20:42 -!- erichammond [~erichammo@ubuntu/member/erichammond] has joined #ubuntu-server
20:42 -!- Scunizi [~could@ip72-197-240-157.sd.sd.cox.net] has joined #ubuntu-server
20:43 < cclausen> MTecknology: ok, that should work.  I'm not sure what is being blocked, but can you run the firewall in a log-only mode first?  e.g. log what would be blocked?
20:43  * MTecknology upgrades production systems to 10.04 in 17min
20:44 < MTecknology> cclausen: alrighty - once I get the production systems moved up I'll get some output and then annoy you so I don't have to run off shortly into it :)
20:45 < cclausen> MTecknology: sounds good.  I'm watching windows 2008 do the upgrade to R2 right now..
20:45 < MTecknology> ouch
20:48  * MTecknology cusses at identi.ca+jabber+bitlbee
20:55 < MTecknology> 4min - I'll loose irc in the process :(
20:58 -!- erichammond [~erichammo@ubuntu/member/erichammond] has quit [Ping timeout: 264 seconds]
21:02 -!- DavidLevin [~DavidLevi@67-210-33-73.ul.warwick.net] has joined #ubuntu-server
21:06 < Kaprenakis> Does anyone know anything about file server + music streaming?
21:07 < MTecknology> !anyone
21:07 < ubottu> A large amount of the first questions asked in this channel start with "Does anyone/anybody..."  Why not ask your next question (the real one) and find out?
21:08 < cclausen> Kaprenakis: i know the people working on http://github.com/avuserow/amp
21:08 < cclausen> Kaprenakis: the setup I know of reads music out of openafs as needed
21:08 -!- Kaprenakis [~wuollet@c-69-180-130-199.hsd1.mn.comcast.net] has quit [Read error: Connection reset by peer]
21:08 < cclausen> although its not exactly streaming
21:09 < MTecknology> I used to have a vibe music streaming system - but iirc - it's windows only
21:09 -!- msantos [~msantos@CPE0016b6b53ec6-CM00222d5a3fbd.cpe.net.cable.rogers.com] has quit [Ping timeout: 260 seconds]
21:09 < cclausen> I've had good luck getting the darwin streaming server to work on multiple platforms.  worked much better than icecast
21:10 < MTecknology> there- one production system back up and running completely
21:10 -!- Kaprenakis [~wuollet@c-69-180-130-199.hsd1.mn.comcast.net] has joined #ubuntu-server
21:10 < Kaprenakis> mmm i disconnected
21:11 < MTecknology> Kaprenakis: 21:09 < MTecknology> I used to have a vibe music streaming system - but iirc - it's windows only    21:09 < cclausen> I've had good luck getting the darwin streaming server to work on multiple platforms.  worked much better than icecast
21:12 < Kaprenakis> MTecknology: darwin streaming server, can you set that up on a clean install of ubuntu server 10.04 ?
21:12 < MTecknology> cloakable: I think he meant you
21:13 < Kaprenakis> yes sorry.
21:13 < Kaprenakis> MTecknology Tys for the repost.
21:14 < Kaprenakis> cclausen: Could I install Ubuntu Server 10.04. Install Samba for the file server.
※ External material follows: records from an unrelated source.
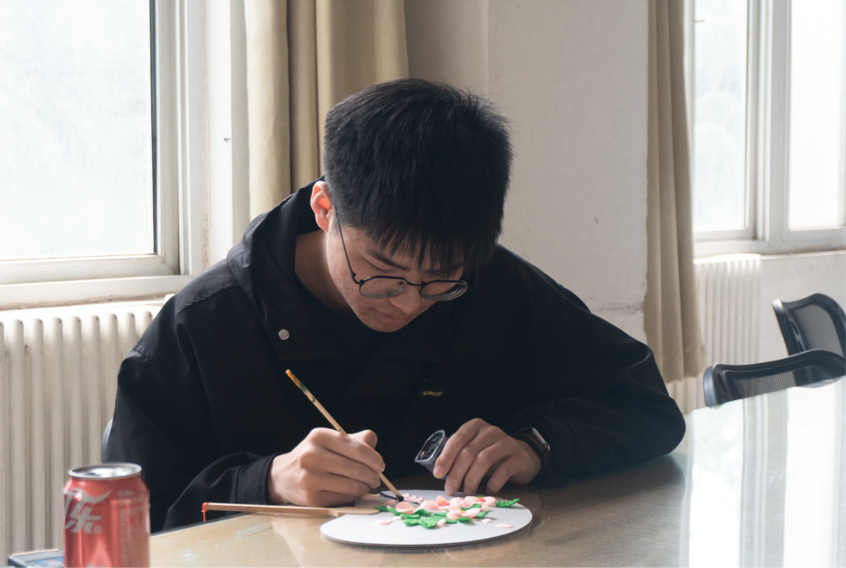 活动伊始,由社团负责人向大家讲解团扇的文化内涵和制作方法,了解民间手工技艺并积极动手实践。随后,负责人带领大家拿起手中的工具制作精美的团扇,活动过程中,大家有的将干花粘贴在团扇上、有的用黏土装饰团扇、有的在团扇上绘图写字。大家认真专注,虛心求教,相互协作,一会儿,一把把精美绝伦的团扇就“新鲜出炉”啦!同学们通过自己的想象赋予了扇子不一样的艺术价值,小小团扇上展现了无限的创意。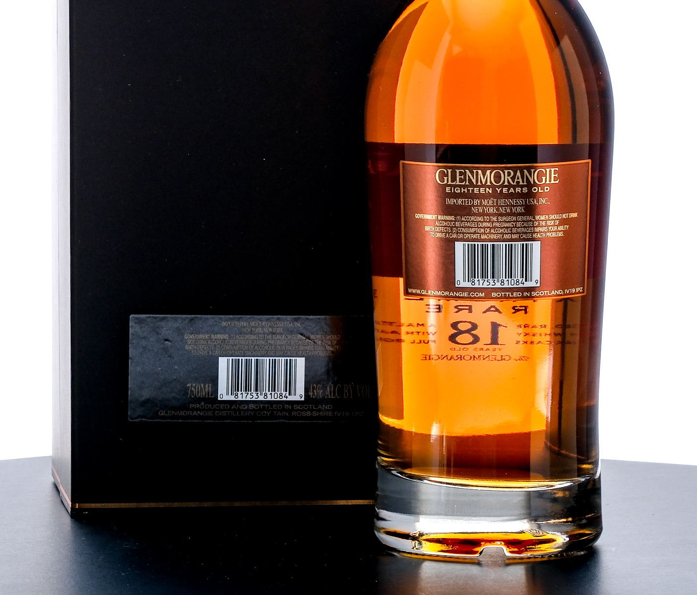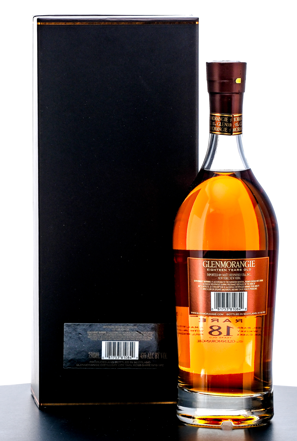 The Glenmorangie 18 Year Extremely Rare Highland Single Malt Scotch Whisky. Specially aged, rare Malt Scotch Whisky matured in Oak casks. 43% ALC/VOL.Cardboard presentation box excellent. Foil seal and screened and printed labels on bottle likewise excellent. 750ml. Imported by Moet Hennessy USA Inc. (New York, NY).
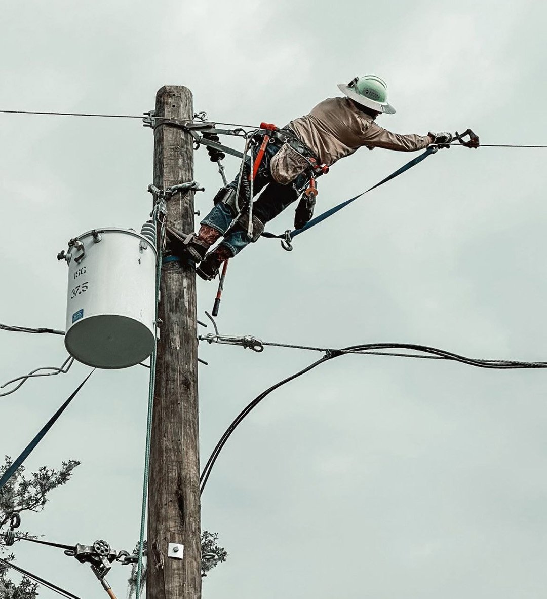 Utility worker restoring power.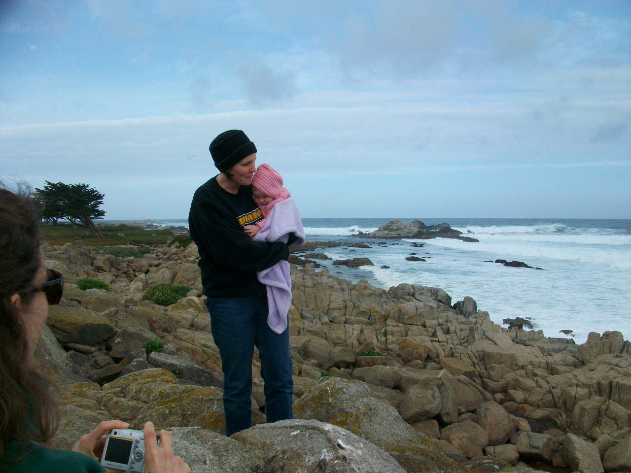 It's 7:00am the morning of our last day in Monterey. Manny, Elliot and Joel admire the oceanview. Several sea otters were popping their heads out of the surf, watching the boys. The otters played in the water, slapping their tails on the surface of the water.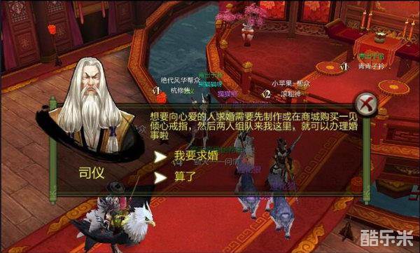 (4)找到NPC点结婚,与司仪对话选择求婚,然后司仪会在世界上喊“屌丝逆袭成功,要和XX举办婚礼了!”,之后就完成结婚了,不但有专门的夫妻称号,也有相应技能。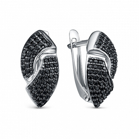 Серьги с фианитом родированные серебро 925*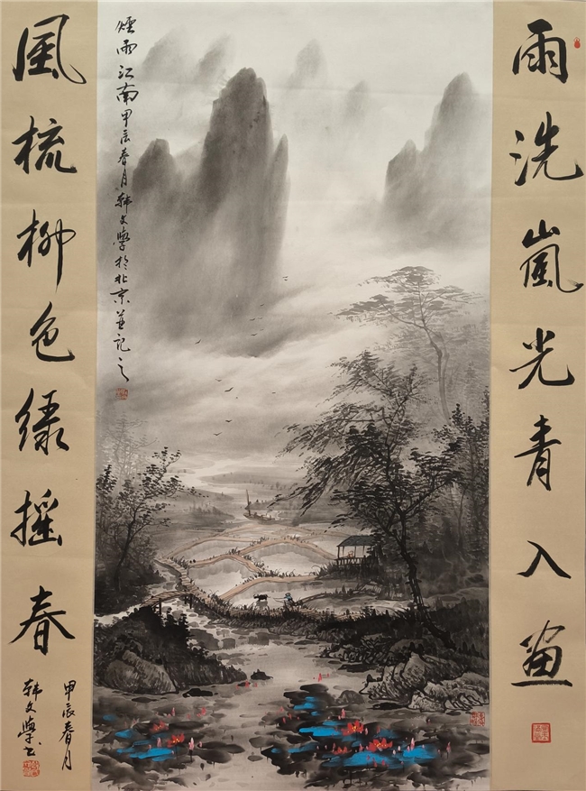 “韩先生的作品有‘魂’,楷书端庄雄浑如军人列队,行书潇洒灵动似流水奔腾,山水画更是将北方山川的雄浑与南方水乡的灵秀融为一体。” 中国书画艺术家协会秘书长张建军在接受记者采访时评价,韩文学的创作始终坚守 “笔墨当随时代”,近年来他结合社会公益活动创作的《军魂》《山河颂》等作品,既传递正能量,又展现传统艺术的当代价值 —— 其中为南皮县消防队题写的 “军魂” 二字,更是被业内评价为 “兼具军人担当与文化底蕴的经典之作”。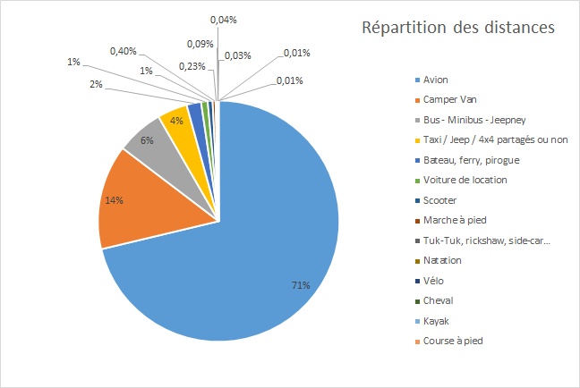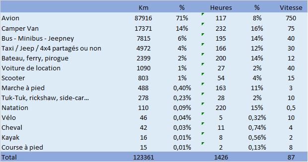 La vision chiffrée de notre voyage nous apprend d'ailleurs un certain nombre de choses inattendues à son propos: par exemple le fait que notre tour du monde a été exceptionnellement long (en distance parcourue). A notre retour, j'avais le sentiment diffus que nous avions parcouru une distance totale égale, non pas à une fois de tour de la terre (le minimum pour passer par les antipodes), mais au moins deux fois cela. Il a fallu attendre près de dix mois après la fin de notre voyage pour réaliser que la réalité était encore supérieure. En fait, nous avons parcouru à peu près 3,08 fois le tour de la terre (plus de 123000 kilomètres, pas de quoi se vanter du point de vue du bilan carbone) en avion, bateau, tuk-tuk, à cheval et en scooter... C'est beaucoup, et en tout cas nettement plus que la moyenne des tourdemondistes, qui s'établit plutôt autour de 83000 kilomètres, si j'en crois les huit premiers bilans chiffrés mentionnant cette valeur que j'ai trouvés sur le web (respectivement 51000, 54000, 75000, 105000, 95000, 80000, 105000 et 105000). En fait, par rapport à la moyenne, on a tout simplement fait... l'équivalent d'un tour du monde de plus! Pas étonnant dans ces conditions que nous ayons fini l'expérience un peu fatigués par l'épreuve... Mme Roquigny, notre vieille voisine de Canouville malheureusement disparue pendant notre voyage, nous avait prévenus qu'elle pensait que nous n'arriverions pas à boucler notre parcours; elle estimait que le tour du monde était impossible à réaliser parce que trop long, trop dangereux, trop difficile: qu'aurait-elle songé si elle avait appris qu'au final, nous triplerions la mise?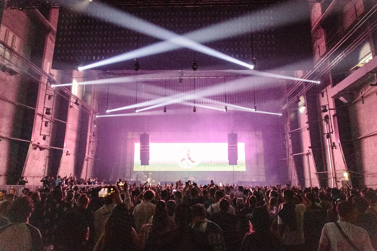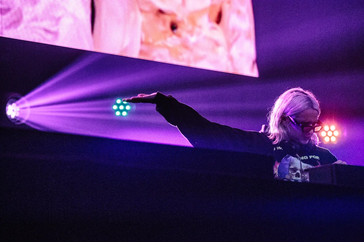 Veel dj’s lijken daar vanavond een beetje mee te worstelen. HAAi, de übercoole Australische die afgelopen jaren werkte met Daniel Avery, Jon Hopkins, Kelly Lee Owens en natuurlijk Romy en Fred again.. laat aanvankelijk haar liefde voor shoegaze en glazige ambient nog doorsijpelen in de breakbeats die ze draait. Hmmm, slaat niet aan. Dus racet ze via de (overigens weergaloze) Bambounou-edit van Britney’s ‘Piece of Me’ naar loeiharde loopy techno en ehm…. zodra zelfs dat niet echt aanslaat en ze van de gekkigheid ook niet meer weet waar ze het zoeken moet, komt ze uiteindelijk uit bij de hardstyle van Showtek (?!) om die loods maar tot beweging te dwingen.
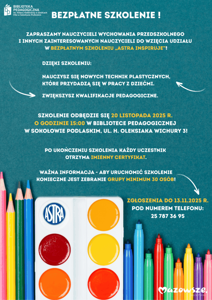 Zapraszamy nauczycieli wychowania przedszkolnego i innych zainteresowanych nauczycieli do wzięcia udziału w bezpłatnym szkoleniu „Astra inspiruje”!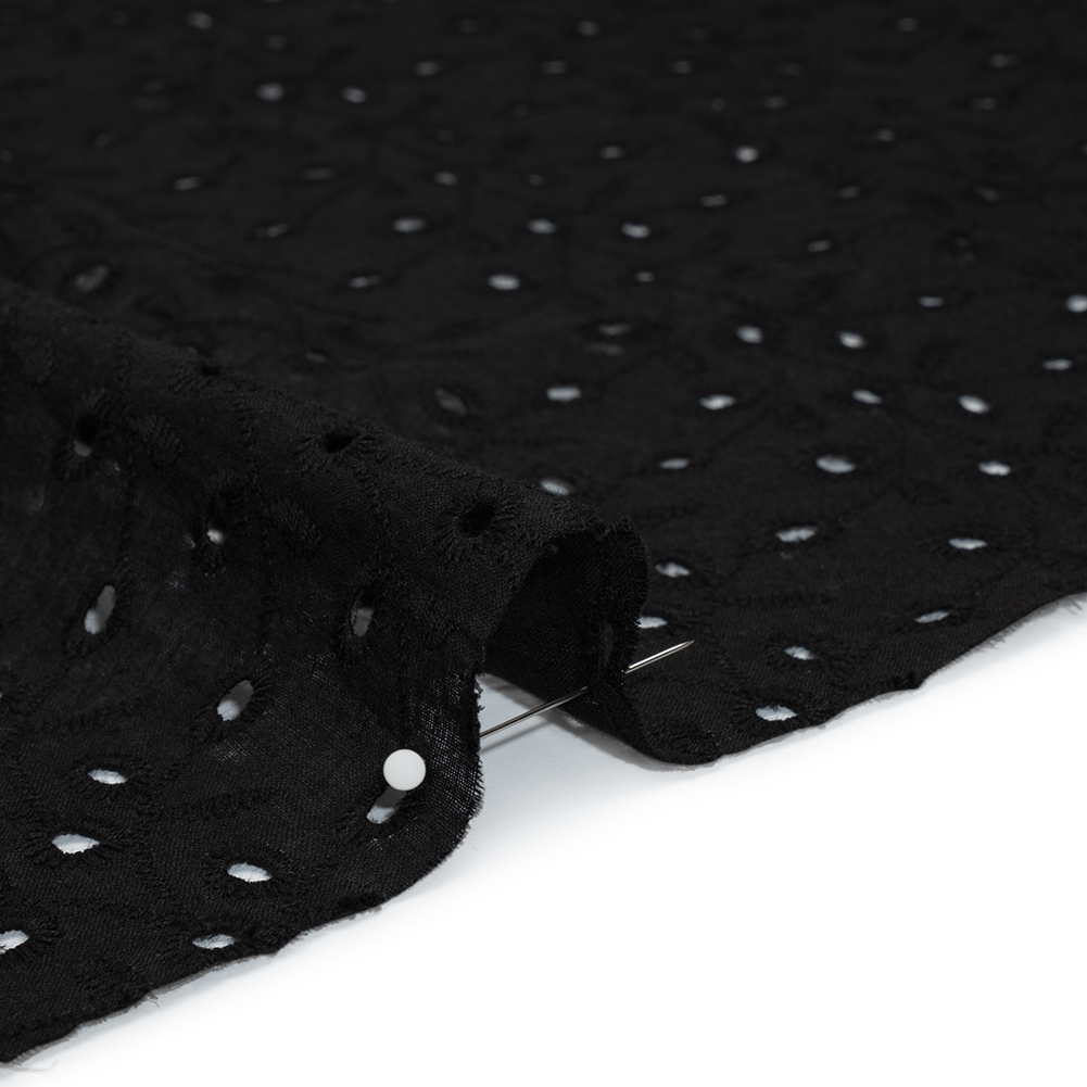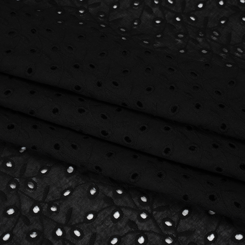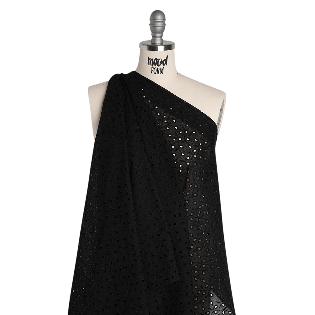 Discover adventures exploring long forgotten estates in this Black Leafy Vines Embroidered Eyelet Cotton Voile—featuring a dry, tactile hand and crisp, airy drape.Suggested Projects: Shirts, Skirts, Dresses, ShortsContent: 100% CottonStretch: NoneOpacity: TranslucentEmbroidered leafy vines climb across this black cotton voile. Derived from the French word for veil, voile has a history of gracing romantic occasions with its ethereal sheerness and airy drape. With a dry, tactile hand and crisp yet airy drape, it easily navigates the space between elegance and simplicity. Made from 100% cotton, this naturally breathable fabric is the perfect choice for breezy spring and summer garments—its eyelets further helping you stay cool under the sun. Use it to craft summer dresses, flowing blouses, skirts, tiered maxi skirts, and more! Translucent, a lining may be desired.
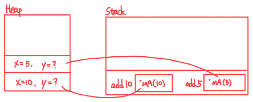 힙 공간에 x를 저장해 두고, 스택에는 그 주소를 저장해 둠. 덕분에 나중에 호출되었을 때, 불러와서 사용할 수 있게 됨.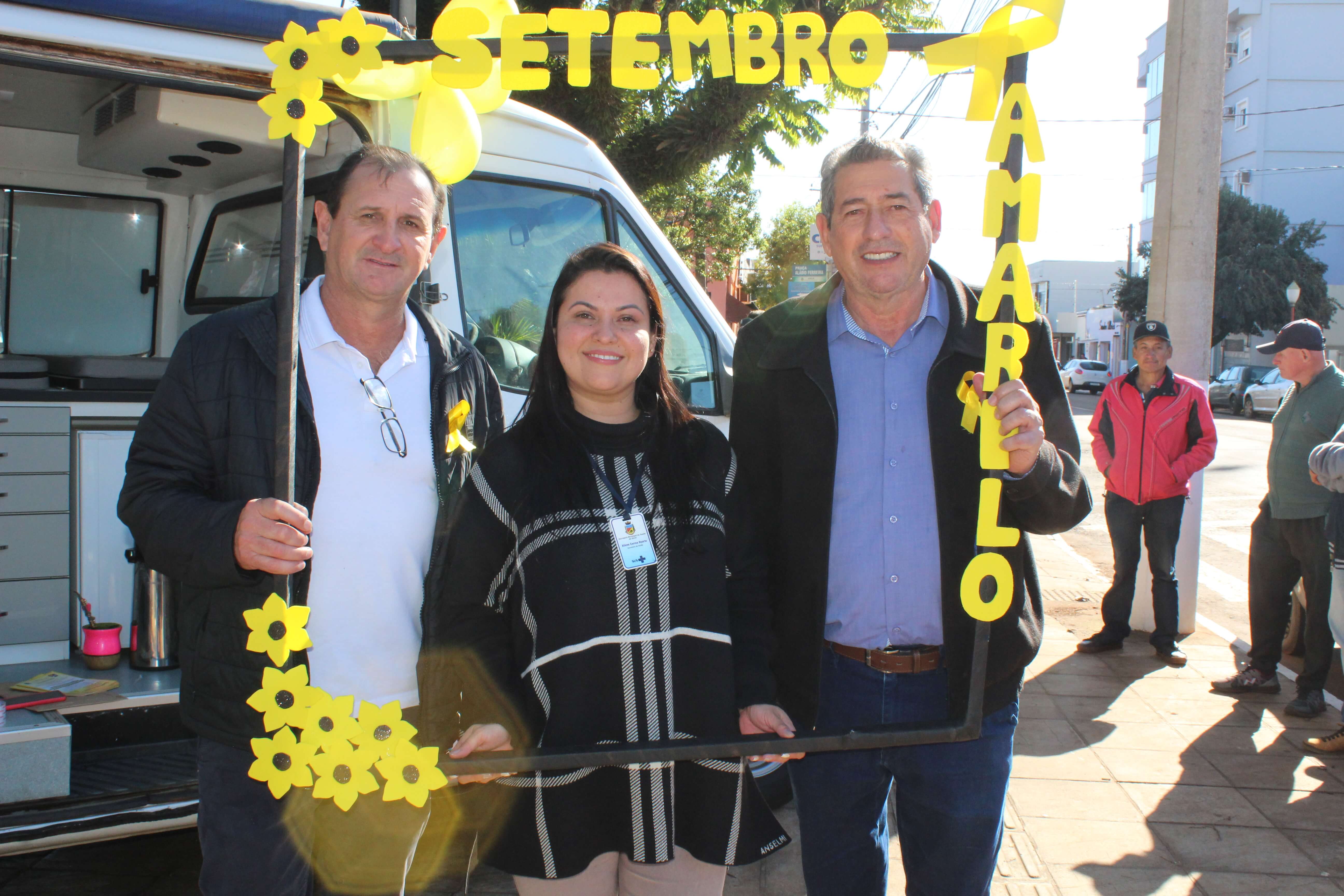 Conforme a secretária de Saúde, Atiene Duarte, é muito importante que as pessoas participem do movimento. “Mais do que simplesmente iluminar locais públicos ou chamar a atenção com ações de impacto, entendemos que o Setembro Amarelo deve ser uma oportunidade para se tratar do tema suicídio de forma ampla e consciente, por meio de palestras, debates, simpósios, publicações na imprensa e outras formas de criar um ambiente de conhecimento e esclarecimento”, destacou. Em 2023, no 9º ano da Campanha, o lema é “Se precisar, peça ajuda!” e diversas ações já estão sendo desenvolvidas para lembrar a importância de oferecer acolhimento, um olhar compreensivo e não julgador, colocar-se à disposição para conversar amigavelmente com quem pede ajuda ou demonstra precisar de ajuda ao nosso lado. Além do grande público que reuniu-se para as diferentes atividades de conscientização na praça, o evento contou com a presença do prefeito Ruben Weimer e do vice-prefeito Dari Paulo Prestes Taborda.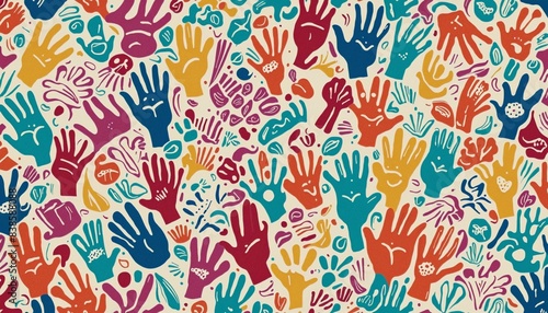 modern, arm, crowd, texture, colours, community, up, paper, palm, raise, many-coloured, paint, diverse, art, group, pattern, seamless pattern, team, seamless, protest, open, culture, help, human, social, creative, ethnic, person, vote, different, illustration, together, hand-drawn, abstract, finger, people, charity, design, background, drawing, diversity, collage, graffiti, vector, colourful, hand, drawn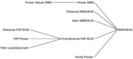 This paper assumes that the channel experiences Rayleigh fading since the propagation channel is characterized by many objects given the indoor and urban environments the study seeks to consider. Ordinarily, there is no dominant line of sight in this environment since the radio signals will tend to experience scattering due to massive buildings and objects. The path loss equations for outdoor and indoor defined in [49] are given in Equations (1)–(3). The path loss from MBS to UE is estimated by Equation (1)

Then install darwin streaming server to play those files that are being hosted on the file server?
21:15 < cclausen> Kaprenakis: that should work
21:16 < cclausen> Kaprenakis: there are probably some much newer music streaming programs out there too.  I'd look around (or apt-cache search)
21:16 -!- rmk [~user@delusion.fourty.net] has joined #ubuntu-server
21:16 < cclausen> Kaprenakis: do you need to stream over the internet?  Or just on the local subnet?
--- Log closed Sat May 01 21:17:57 2010
--- Log opened Sat May 01 21:21:39 2010
21:21 -!- MTecknology [~MTeck@kalliki/admin/pdpc.supporter.mtecknology] has joined #ubuntu-server
21:21 -!- Irssi: #ubuntu-server: Total of 234 nicks [0 ops, 0 halfops, 0 voices, 234 normal]
21:21 < cclausen> Kaprenakis: http://www.ubuntugeek.com/streaming-media-server-in-ubuntu-gnulinux-using-gnump3d.html <- check that out
21:22 < cclausen> not sure if it has a password though...
21:22 < cclausen> Kaprenakis: do you really need to stream across the internet?  Or can you run the player anywhere and just get to files from across the internet?
21:23 < cclausen> I keep some of my music in openafs and just listen to it from anywhere by acessing teh file space
21:23 -!- LynXnz [~LynXnz@121-72-133-247.dsl.telstraclear.net] has quit [Quit: Leaving]
21:23 -!- Irssi: Join to #ubuntu-server was synced in 117 secs
21:23 -!- lifeless [~robertc@59.167.164.33] has quit [Quit: leaving]
21:24 < cclausen> Kaprenakis: there is also: http://www.oreillynet.com/xml/blog/2004/12/streaming_itunes_from_ubuntu.html
21:25 < Kaprenakis> cclausen: what is openafs?
21:25 < cclausen> Kaprenakis: openafs is a distributed filesystem -> http://www.openafs.org  its not easy to setup though
21:27 < Kaprenakis> cclausen: yeah that doesnt look to noob friendly..
21:29 < cclausen> Kaprenakis: the ubuntu packages actually are fairly easy to install, but you'd need an afs client on various computers that you'd use so I'm not sure if that would work or not
21:30 < cclausen> works great for me.  secure, (encrypted) file space I can literally access from anywhere in the world.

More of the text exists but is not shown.